** TASK INPUTS **
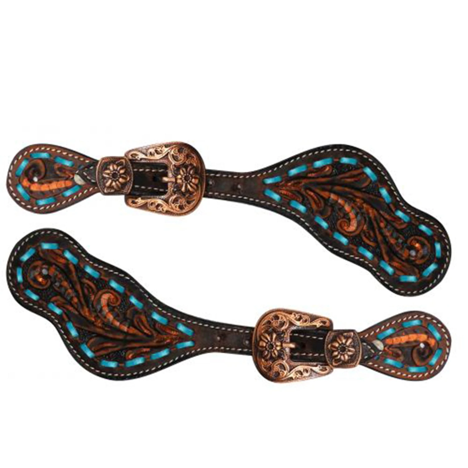 These super cute floral spur straps with bright buckstitching are not only eye catching but great quality. Also look at the details on the buckles.
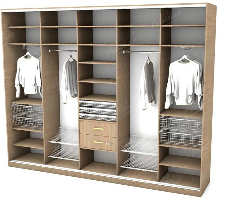 В наполнении данного шкафа используются: 16 полок; 2 штанги; 4 обувницы; 3 выдвижные полки для рубашек; 2 торцевых вешалки; 4 корзины.
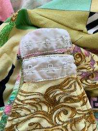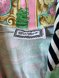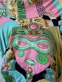 Elegante body con fantasia modello Versace, disegni optical bianchi e neri e greca nera sul davanti. Sulla schiena il disegno di una maschera riccamente decorata con fregi dorati. Le maniche sono lunghe con disegni che trovate meglio rappresentati nelle foto. Sul davanti il tessuto si incrocia in un profondo scollo a V. Il capo si chiude con 3 gancetti di metallo bianchi. Taglia M. Tessuto: 93% spun rayon e 3% elastomero. Indossato raramente, presenta qualche pallino dovuto al lavaggio per conservarlo.
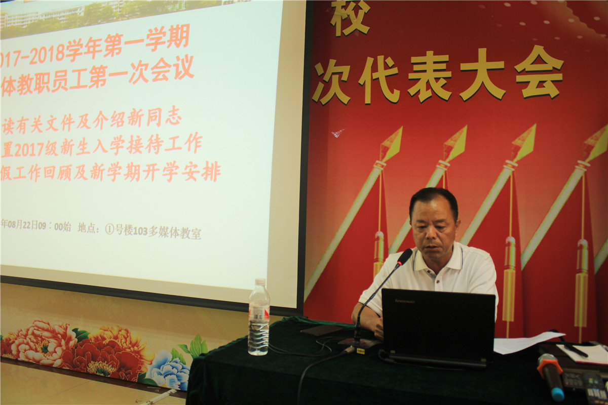 黄学军校长首先就上学期及假期中持续进行的几项工作进行了简单回顾和总结;将新学期学校确定的重点工作和近期主要日程安排进行传达部署,并对新学期工作提出要求:一是精心组织,全力以赴,和谐迎新;二是严肃纪律,整顿作风,优质服务。新学期各部门要进一步相互配合,团结协作,教师们各负其责,各尽所能,紧紧围绕重点工作,促进教学质量的全面提升,进行扎实创新和有效探索,争取新的学期学校各项工作再上新台阶!
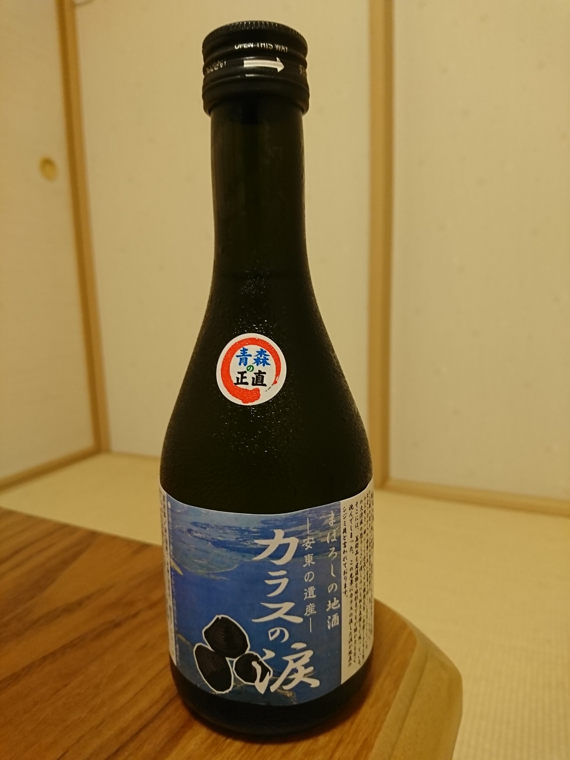 今日は青森県五所川原市にある道の駅・十三湖高原で530円で購入した酒「カラスの涙」を少し冷やして飲みました。この酒、弘前市の酒蔵・丸竹酒造店が製造していますが、野辺地町の工藤商事と言う会社が発売元となっていて、十三湖名物のシジミにあやかった企画商品と思われます。酒は特定名称酒等の表示が無いので糖類無添加の普通酒でしょう。飲んだ感想はやや濃醇な辛口の酒で飲んでて微かにカビ臭っぽいオフフレーバーがありますが、後味は熟成した濃い旨味のある酒で結構美味しかったです。
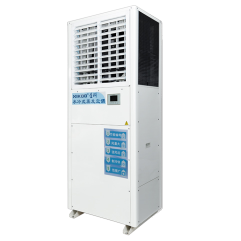首先由外機(jī)采用濕簾蒸發(fā)式冷凝的技術(shù)來(lái)給循環(huán)水降溫,水溫降至常溫后流經(jīng)內(nèi)機(jī)的熱交換系統(tǒng)(此時(shí)壓縮機(jī)已運(yùn)作,已將冷媒壓縮成高溫高壓狀態(tài))從而帶走大部分高溫冷媒的熱量而形成常溫冷媒,常溫冷媒再經(jīng)過(guò)節(jié)流閥后變成低溫低壓的冷媒,輸送至內(nèi)機(jī)上半部分的蒸發(fā)器而吹出冷風(fēng);
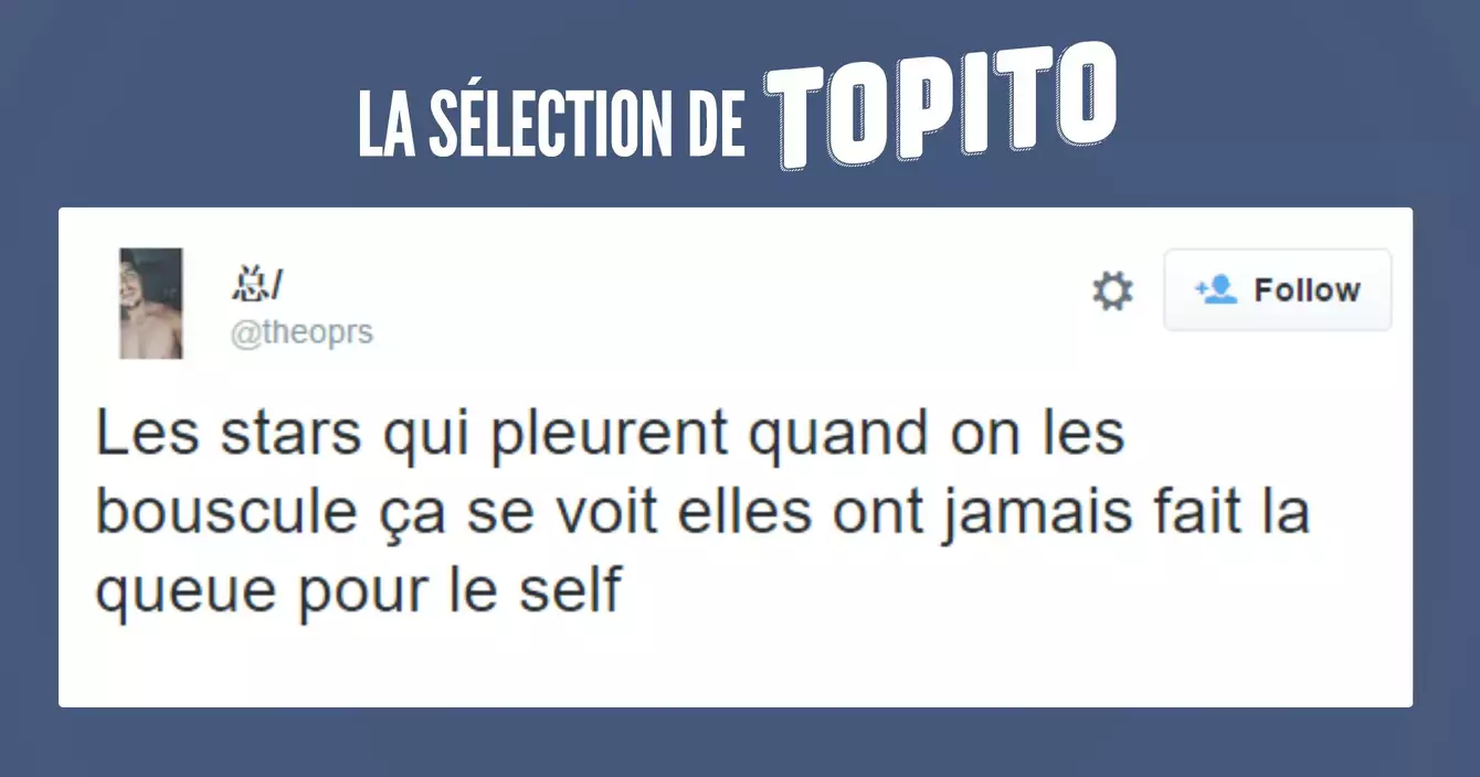 Samedi soir avec Burnain on est allé tourner une petite vidéo dans des bars parisiens (on voulait rencontrer des rugbymen saouls) et je suis tombé sur une fille très sympa (et complètement saoule) qui m'a dit « Maiiiis j'adore votre top des tweets le lundiiiii ». Elle m'a aussi dit « Ehhhheehehehehe » et « je suis pas bien ça tourne je crois je vais vomir ». Eh bien voilà, ce top 20 des meilleurs tweet de la semaine #93 t'es dédié, bravo ma biche !
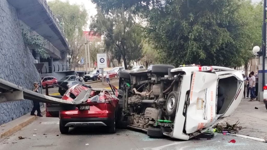 Naucalpan, Estado de México - Una combi del transporte público perdió el control y cayó desde la lateral del segundo piso del periférico sobre una camioneta que circulaba debajo, hecho que dejó al menos dos personas heridas.
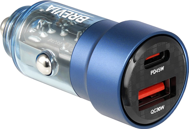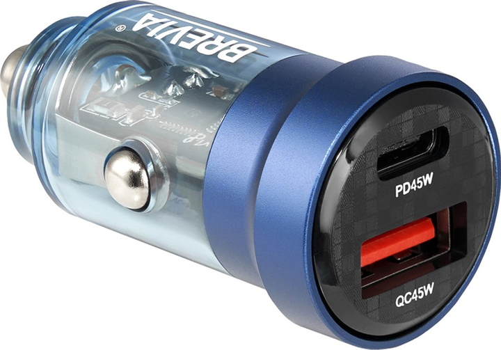 Автомобільний зарядний пристрій Brevia ePower DualCharge 45W 1xUSB-C+1xUSB-A Transparent Blue (46545CABL)
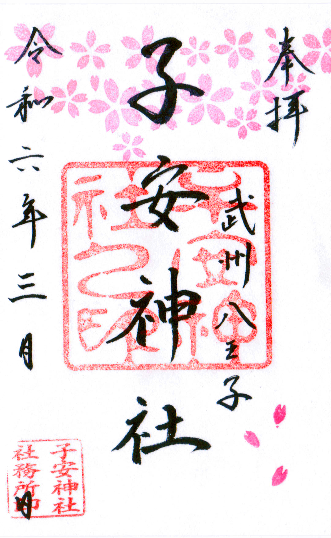 通常朱印に桜の花びらを追加で捺せるハンコをご用意します。ご自身で好きなように捺して彩を付けてお楽しみください。
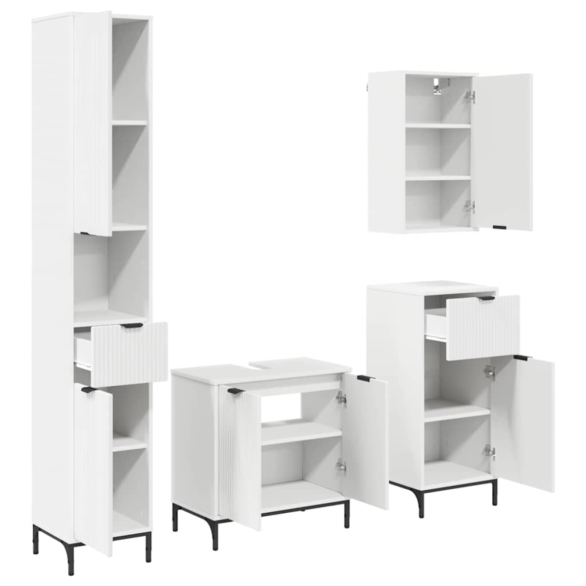 This elegant Engineered Wood Bathroom Furniture Set enhances any bathroom space with modern design efficiency and high functionality. Crafted for those who value streamlined style and practical storage solutions, this furniture set offers a balanced mix of aesthetic simplicity and adaptability for diverse spaces. Its minimalistic form and versatile storage options make it the perfect solution for any-sized bathroom, seamlessly integrating with a variety of interior designs. Materials: Thoughtfully constructed from engineered wood, this set balances stability and style, bringing a sleek design to the forefront. Engineered wood is chosen for its uniform surface, moisture resistance, and durability, providing a refined look that enhances the overall bathroom environment while simplifying care routines. Included Components: The set delivers comprehensive storage solutions with a wall-mounted sink cabinet, bathroom cabinet, bathroom wall cabinet, and a high cabinet. Each component delivers user-friendly access, enhancing bathroom organization and space management. Features /Function /Design: Designed for modern aesthetics, the flush doors with smooth surfaces and bar handles deliver a refined, seamless appearance. Each piece lends a clean, cohesive look to any bathroom space, supporting a tidy and organized environment. Recommended Uses: Perfect for maximizing bathroom efficiency, this furniture set supports varied storage needs with convenient partitioning, making it an ideal choice for small apartments, family homes, or guest bathrooms. Its sleek design integrates effortlessly into any modern décor. Care &Maintenance: Maintenance is stress-free. To retain its clean, finished look, simply wipe surfaces with a damp cloth regularly. The engineered wood construction ensures longevity through simple, minimalistic care.
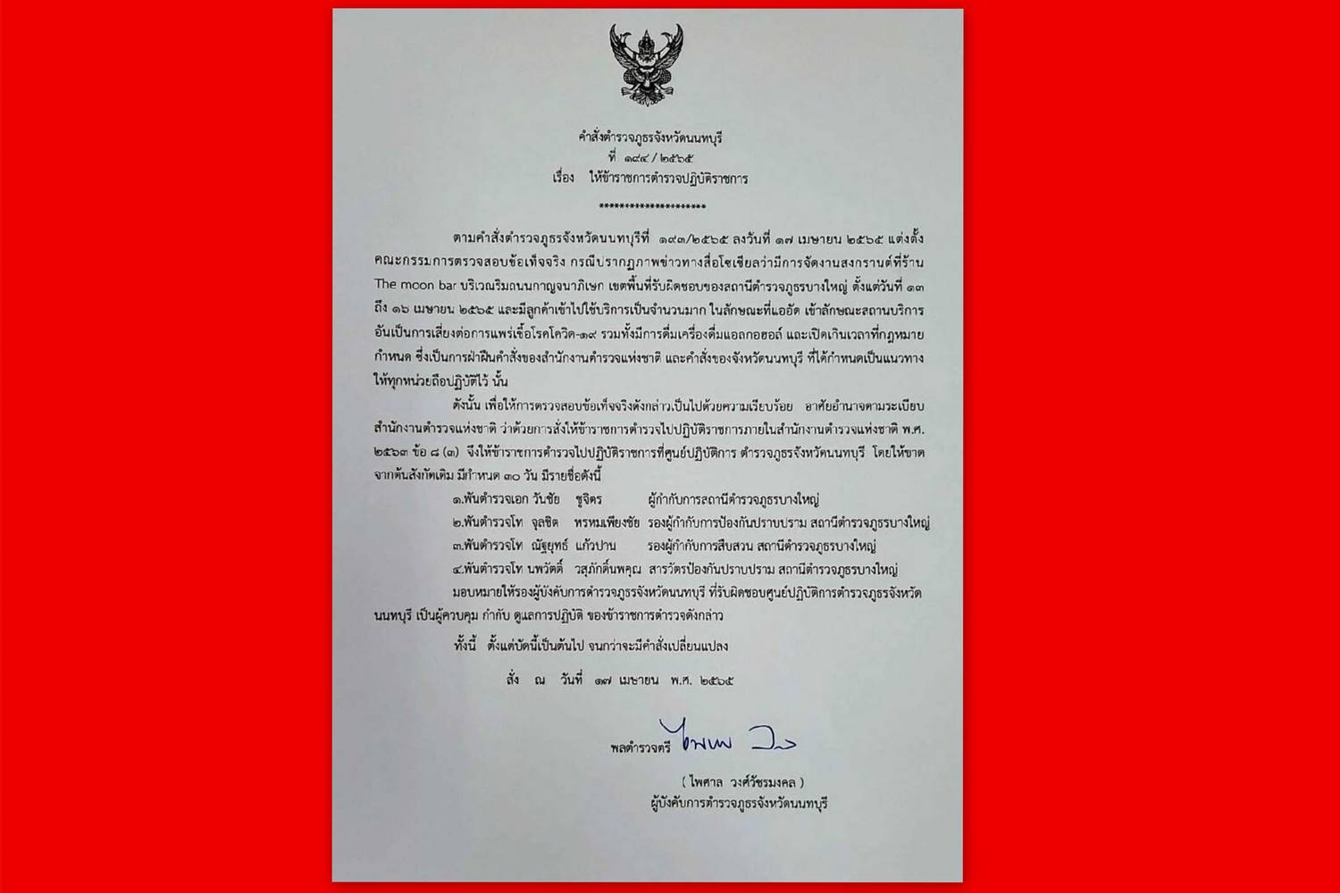 นนทบุรี-ผบก.ภ.จว.นนทบุรี สั่งเด้ง 4 เสือโรงพัก "สภ.บางใหญ่" 30 วันปล่อยร้าน"มูนบาร์" จัดปาร์ตี้สงกรานต์เสี่ยงแพร่เชื้อโควิด
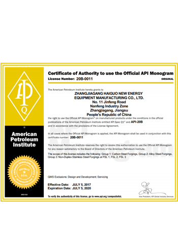公司取得了美國(guó)ABS、法國(guó)BV、中國(guó)CCS、挪威DNVGL、韓國(guó)KR、英國(guó)LR、日本NK、意大利RINA等全球八大船級(jí)社的工廠認(rèn)證證書,建立了完善的產(chǎn)品質(zhì)量管理體系。先后獲得了美國(guó)API20B資質(zhì)證書、API6A資質(zhì)證書、APIQ1體系證書、TPG的NDT認(rèn)證證書、TPG 熱處理認(rèn)證證書、歐盟PED等認(rèn)證證書,同時(shí)也通過了一些國(guó)際客戶具有高度專業(yè)要求的資格認(rèn)證。
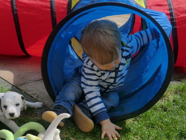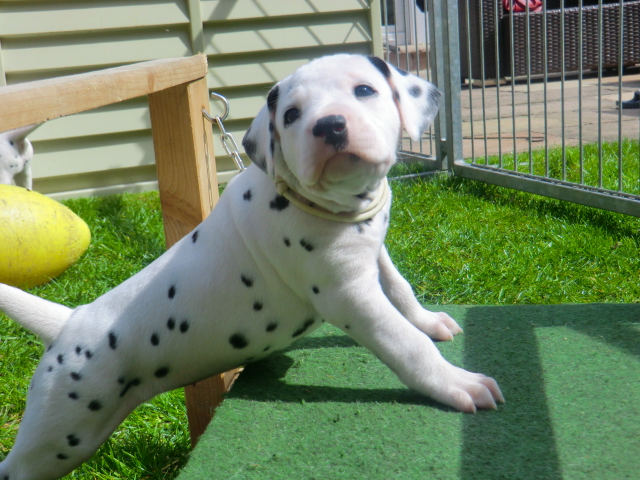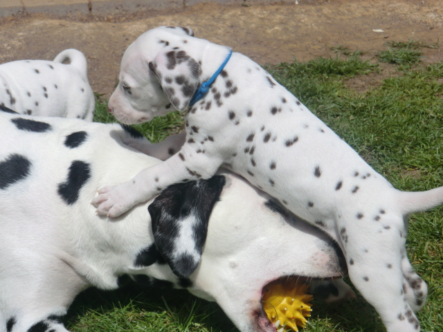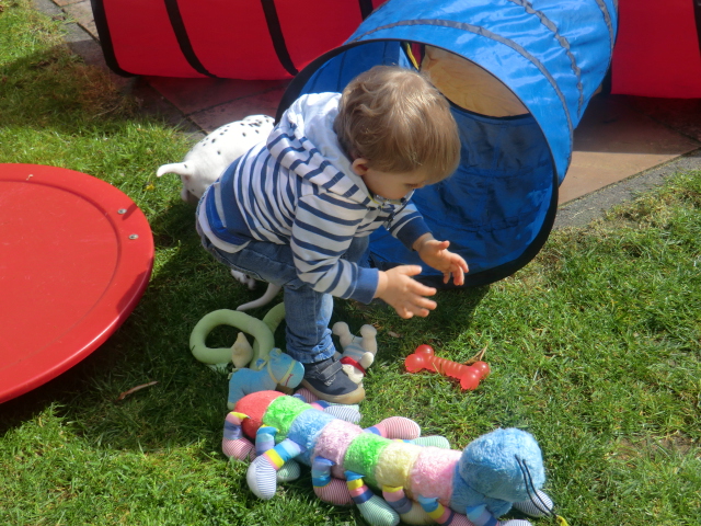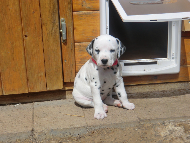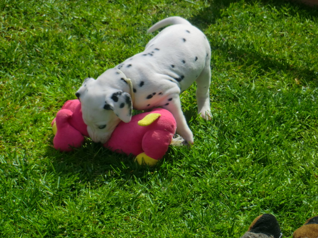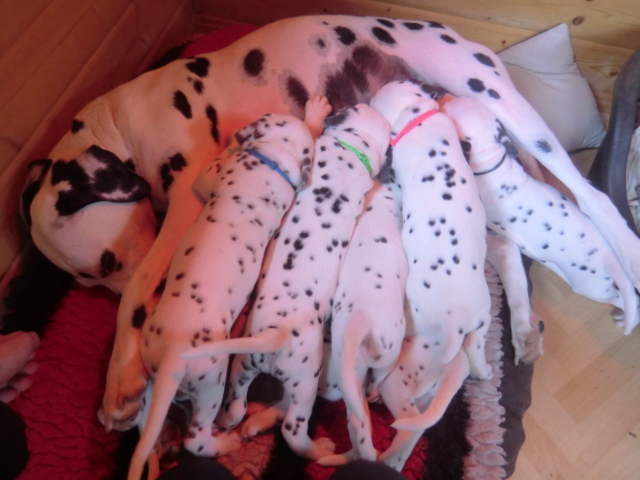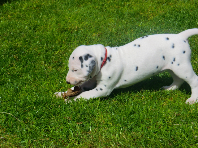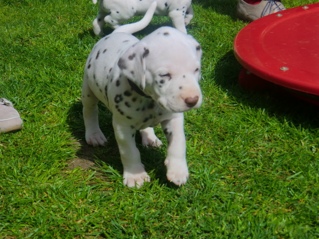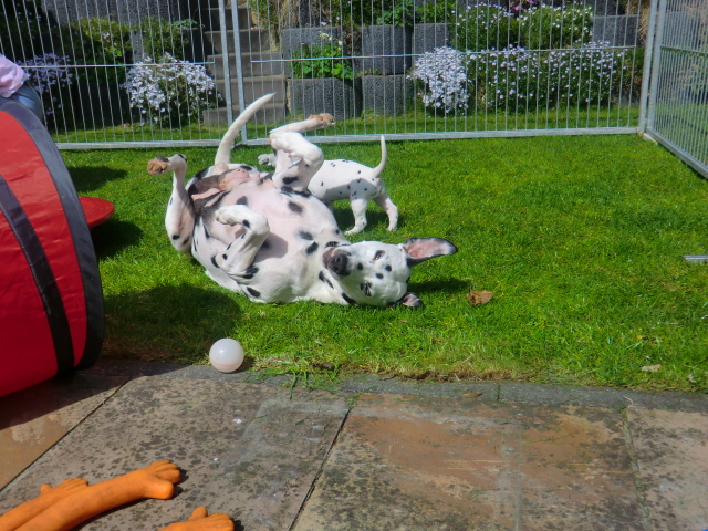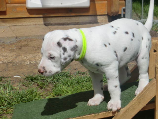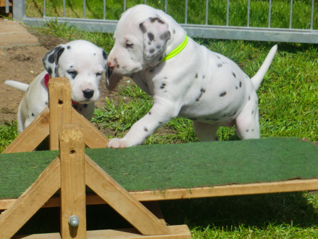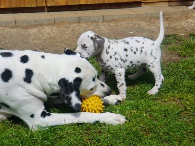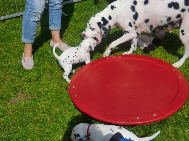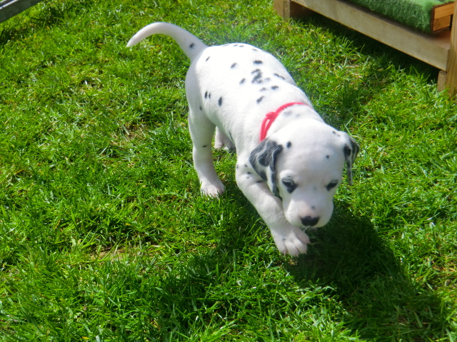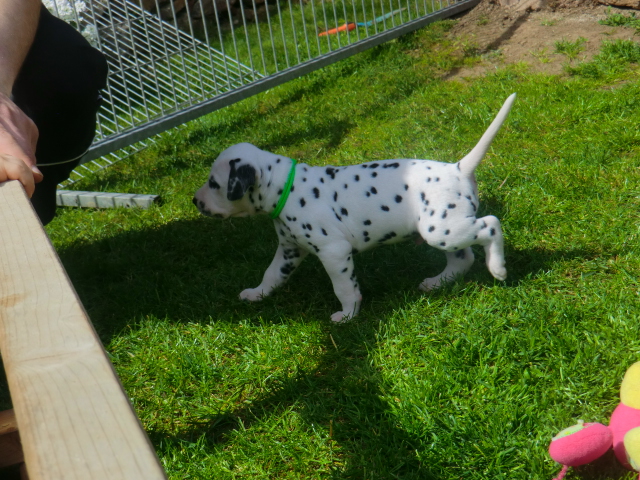 Zum Anfang der 5. Woche spielte das Wetter endlich mit und die F-chen durften das erste Mal raus in den Garten. Es war wieder schön zu sehen wie offen und fröhlich die kleinen die neue Umgebung erkundeten. Unser Sohn hat ebenfalls viel Spaß mit den kleinen auf ihrem Spielplatz - die beste positive Prägung auf Kinder für unsere F-chen die wir uns wünschen können. Viel Besuch von den neuen Welpeneltern, Bekannten und Freunden hatten unsere Minipünktchen auch wieder, hier ist zur Zeit immer was los!
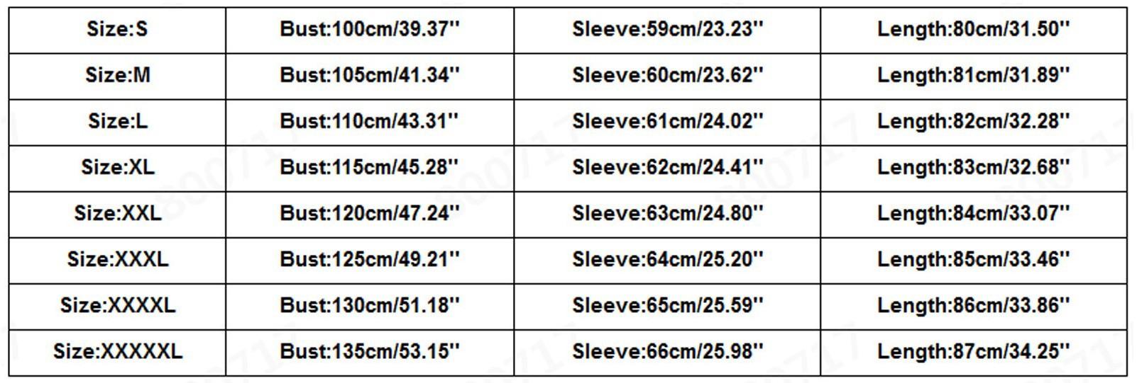 S, M, L, XL, XXL, 3XL, 4XL, 5XL

** WORK REQUIRED **
With the pictures omitted, print the lines above exactly, beginning at the line with "首先由外機(jī)采用濕簾蒸" and going on through the line with "Автомобільний зарядний пристрій".

** ANSWER TO THE PROBLEM **
首先由外機(jī)采用濕簾蒸發(fā)式冷凝的技術(shù)來(lái)給循環(huán)水降溫,水溫降至常溫后流經(jīng)內(nèi)機(jī)的熱交換系統(tǒng)(此時(shí)壓縮機(jī)已運(yùn)作,已將冷媒壓縮成高溫高壓狀態(tài))從而帶走大部分高溫冷媒的熱量而形成常溫冷媒,常溫冷媒再經(jīng)過(guò)節(jié)流閥后變成低溫低壓的冷媒,輸送至內(nèi)機(jī)上半部分的蒸發(fā)器而吹出冷風(fēng);
 Samedi soir avec Burnain on est allé tourner une petite vidéo dans des bars parisiens (on voulait rencontrer des rugbymen saouls) et je suis tombé sur une fille très sympa (et complètement saoule) qui m'a dit « Maiiiis j'adore votre top des tweets le lundiiiii ». Elle m'a aussi dit « Ehhhheehehehehe » et « je suis pas bien ça tourne je crois je vais vomir ». Eh bien voilà, ce top 20 des meilleurs tweet de la semaine #93 t'es dédié, bravo ma biche !
 Naucalpan, Estado de México - Una combi del transporte público perdió el control y cayó desde la lateral del segundo piso del periférico sobre una camioneta que circulaba debajo, hecho que dejó al menos dos personas heridas.
 Автомобільний зарядний пристрій Brevia ePower DualCharge 45W 1xUSB-C+1xUSB-A Transparent Blue (46545CABL)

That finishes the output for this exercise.